My proposition comes from the fact that it is good design practice to have your classes become "sealed" or "not inheritable", that way your users cannot accidently inherit and break changes with your API. In practice this is a big deal, and how often are you building an API, and you become lazy to allow the default attributes/keywords/accessors be applied to a API (classes specifically, making them public instead of private or internal/friend)? I'm almost betting very frequently.

I propose that in Whidbey, and future versions, that "sealed" or "not inheritable" be applied by default to all new class declarations created by the IDE. This way, you have to make an effort and think about what you're doing when removing this keyword, and hopefully make you think if you really need to do so. 

As of right now, I realize that this can be accomplished by editing the templates used somwhere deep within the directory structure of VS.NET, so please don't tell me I can do this now. What are you're thoughts, feelings, objections to this?

8 Comments

  • I'd far prefer an option in VS to modify my default code template - so I could specify things like my default imports, accessibility options etc...
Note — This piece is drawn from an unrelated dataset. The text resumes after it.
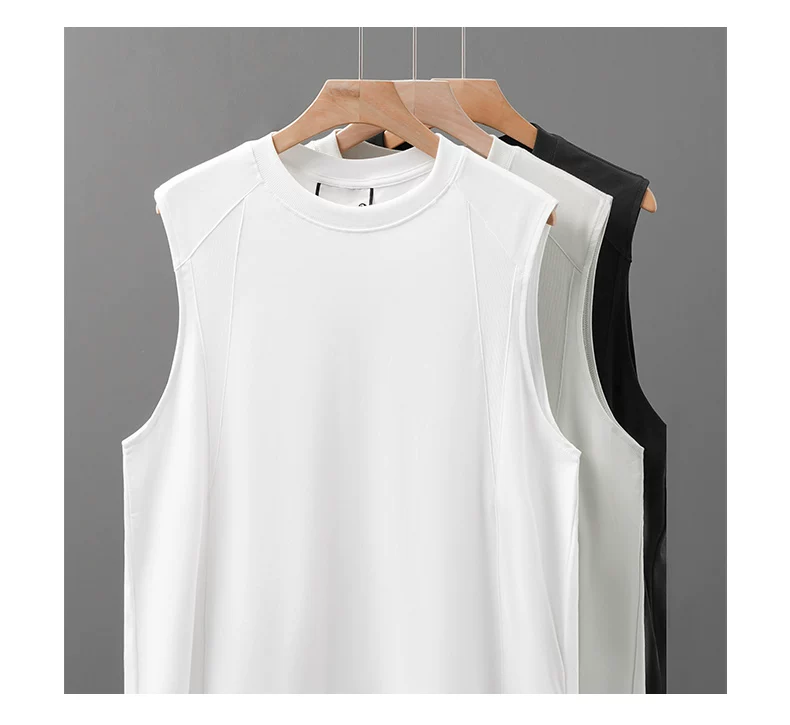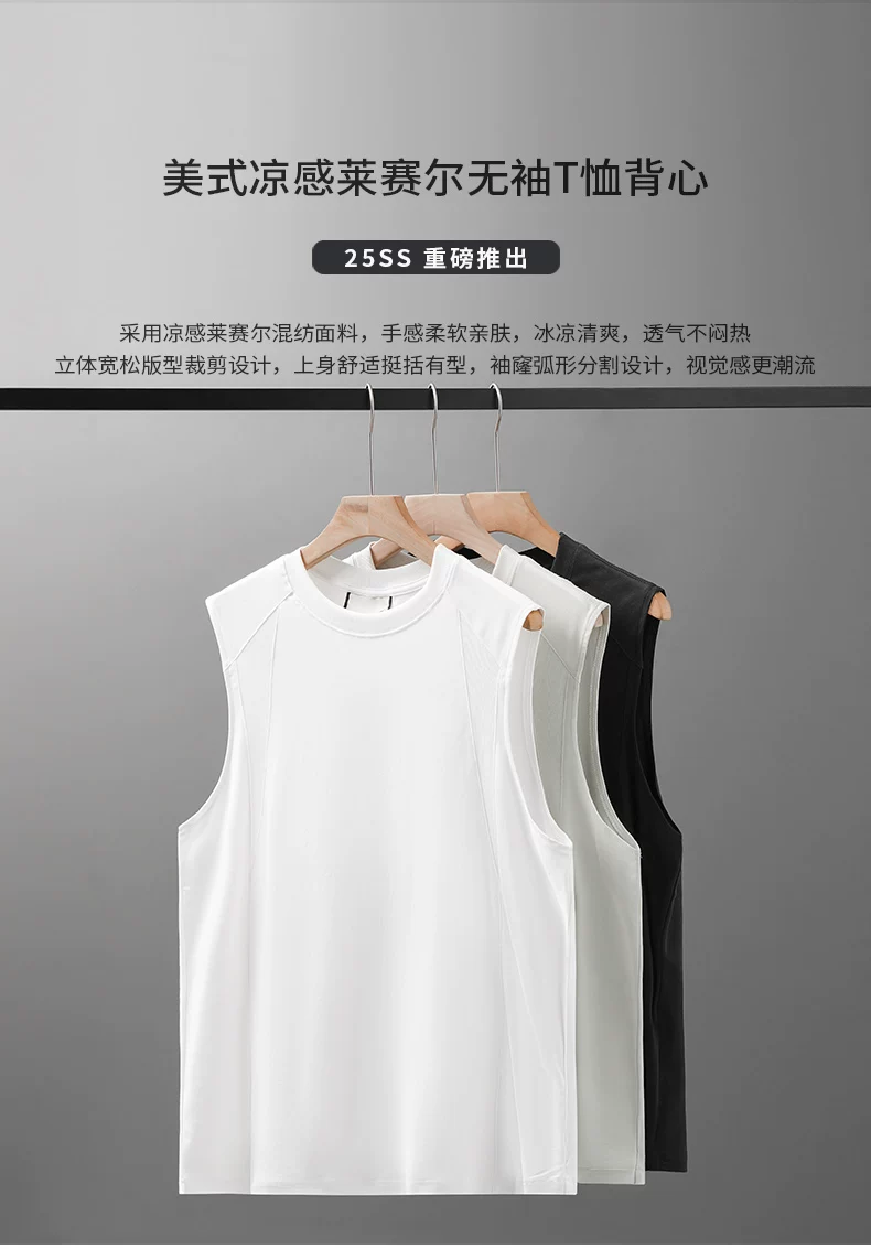 OMZM Áo vest mát mẻ Lyocell dành cho nam mùa hè Phong cách Mỹ Ice Silk Nhanh khô Áo thể thao không tay Áo lót thể thao màu trơn Áo thun không tay

  • Thats actually a far better idea, have an actual "template editor" available in the IDE. Heck they're giving us a ton of control with the keystrokes, layout, etc...why not this too :)

  • There was a big discussion about this on one of the MSFT blogs a while ago; don't remember who. People fiercely arguing both sides, as they tend to do. I'm in the sealed camp. People should only be able to extend classes that were designed with that in mind. I really doubt that anyone designs every one of their classes to be used by a subclass, so the default of non-sealed doesn't make sense to me. On a big project you wind up seeing the brittle base class probem, not necessarily because people are lazy, but because it's so easy.



    +1 for sealed.

  • As long as you don't have any virtual or protected members that why do you care if your types are subclassed? What harm can they do?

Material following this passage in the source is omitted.